Market overview

Cat bond market 2026

The catastrophe bond market continues to grow. Outstanding capacity has surpassed $50 billion, new issuance remains strong, and the range of perils and sponsors entering the market is expanding. Here is an overview of where the market stands and what is shaping it.

Outstanding capacity and issuance

The catastrophe bond market has grown from a niche corner of structured finance into a significant source of global reinsurance capacity. Outstanding cat bond and ILS note capacity has exceeded $50 billion, representing a meaningful share of the global property catastrophe reinsurance market.

Annual new issuance has consistently surpassed $15 billion in recent years. The first quarter is typically the busiest period as sponsors look to place coverage ahead of the North Atlantic hurricane season, but issuance is now more evenly distributed across the year as the market has matured and diversified.

The number of active sponsors has also grown. What was once dominated by a handful of large reinsurers now includes primary insurers, state-backed entities, sovereign risk pools, and corporate sponsors from outside the traditional insurance industry.

Spreads and multiples

Cat bond pricing is driven by the relationship between expected loss and spread. The spread-to-expected-loss multiple is the market's shorthand for whether a bond is priced tightly or generously relative to its modelled risk.

After major loss events, spreads widen as investors demand more compensation for perceived risk and reduced available capital. In years with low losses and strong capital inflows, spreads compress.
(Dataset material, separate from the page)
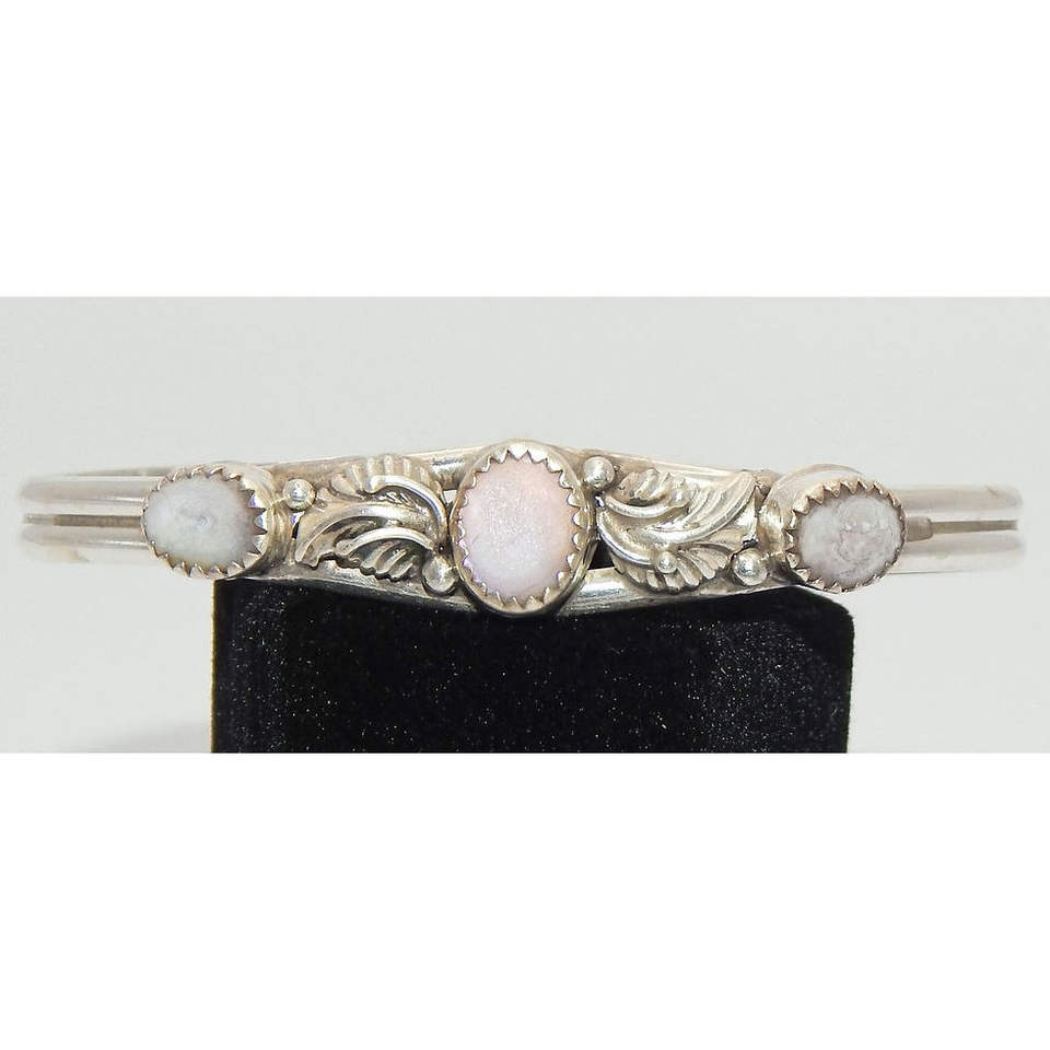 Victorian Style .925 Sterling Silver Beaded Bracelet with White Opals

The cycle is not perfectly correlated with the traditional reinsurance pricing cycle, but the two are increasingly linked as ILS and traditional reinsurance compete for the same risks.

In the current environment, spreads have moderated from the elevated levels seen after recent loss years but remain attractive compared to similarly rated corporate credit. Investors continue to find value in the low correlation between catastrophe risk and broader financial markets, which supports demand even when absolute spread levels tighten.

What is shaping the market

Peril expansion

US hurricane and earthquake remain the dominant perils, but the market is increasingly covering wildfire, severe convective storm, flood, and cyber risk. Cyber cat bonds in particular have attracted attention as insurers look for capital markets solutions to manage accumulation exposure.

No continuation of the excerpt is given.